The B-side is called “Lost Souls”, which doesn’t quite work as well. The guitar part the beginning is built on is really nice, but the keyboards are relied upon too much – it feels about twice as long as it actually is. It feels very, very heavily influenced by Radiohead’s “Exit Music For A Film,” but there’s not quite enough going on here to keep my interest, though the whistling is nice. This band does a good job of mixing electronic elements with non-electronic elements, and knows how to create a lush soundscape, for sure, but with time, the songwriting is sure to get stronger.

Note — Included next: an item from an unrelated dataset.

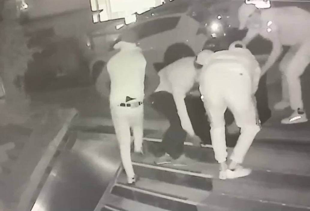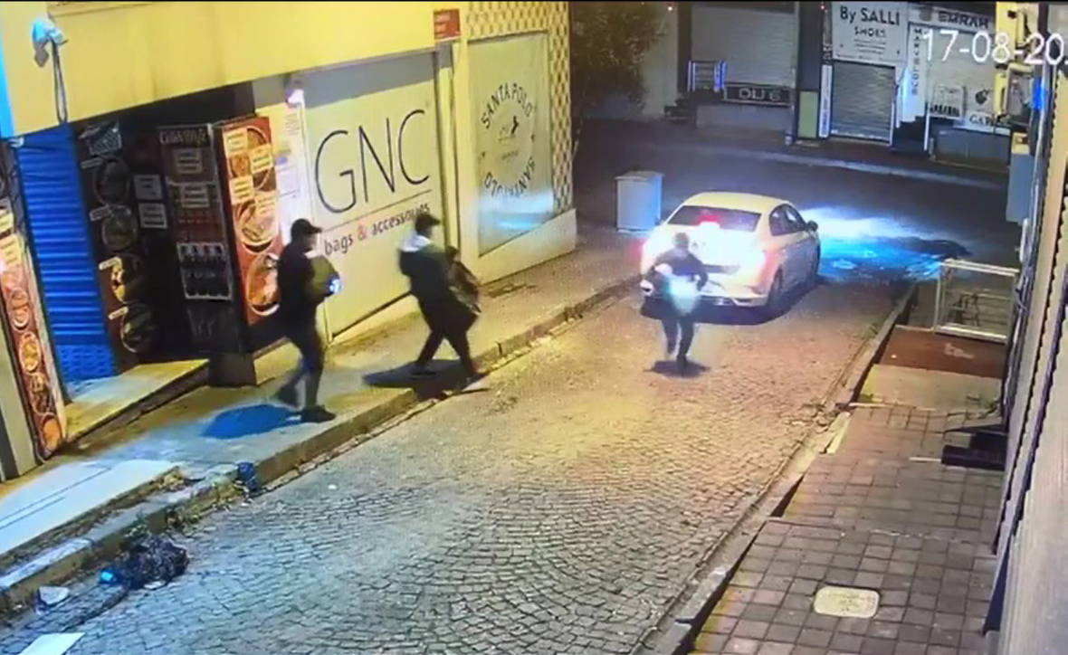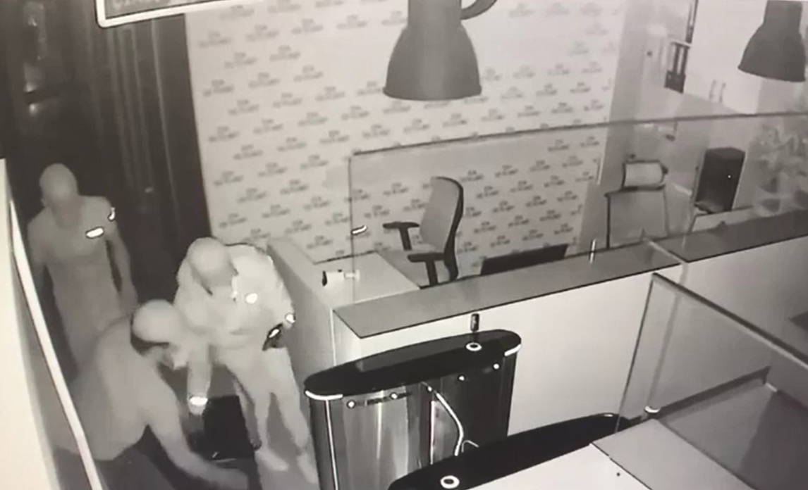 Güvenlik kamera görüntülerinde şüphelilerin açamadıkları para kasalarını taşıyarak dışarı çıkardıkları ve geldikleri otomobillere yükleyerek kaçtıkları tespit edildi.

LISTEN: Wasted Days, Lost Souls
BUY: Memory Motel Bandcamp
I really do love bands that are able to straddle a fine genre line well. Honeycomb Bones are a UK duo who seem equally influenced by BLACK REBEL MOTORCYCLE CLUB as they do the 2-step-dub-house-laptop-bass-step-wave that England has coming out the ears right now – spiraling psych guitar lines crossed with crisp, snapping drums. It’s an interesting mix – similar to THE KILLS, but more developed, less slinky. If use of a drum machine was all that HB had going for them, though, there’d be a lot less to say. Fortunately, the Bones also bring some good tunes to the party. Opener “Catherine Wheel” features a slow, dirty guitar line, with nimble drum programming that keeps the thing moving along – it gives the impression of a steam train that takes a while to start up, but is impossible to stop once it’s got going.

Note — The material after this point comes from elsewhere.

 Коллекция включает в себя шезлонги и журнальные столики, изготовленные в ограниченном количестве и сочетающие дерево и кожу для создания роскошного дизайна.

It’s hard to know what exactly is going on sometimes, the vocals are buried in the mix and some reverb, and the guitars are huge sounding, but this record takes a few listens to get a feel for. There’s not really a bad track on here, but it’s not easy to find a hook. Fortunately, there’s enough cool rhythmic work – especially on 3rd track “Penny Black” – to keep you coming back. I won’t be getting rid of this any time soon, though, and I look forward to whatever else is coming.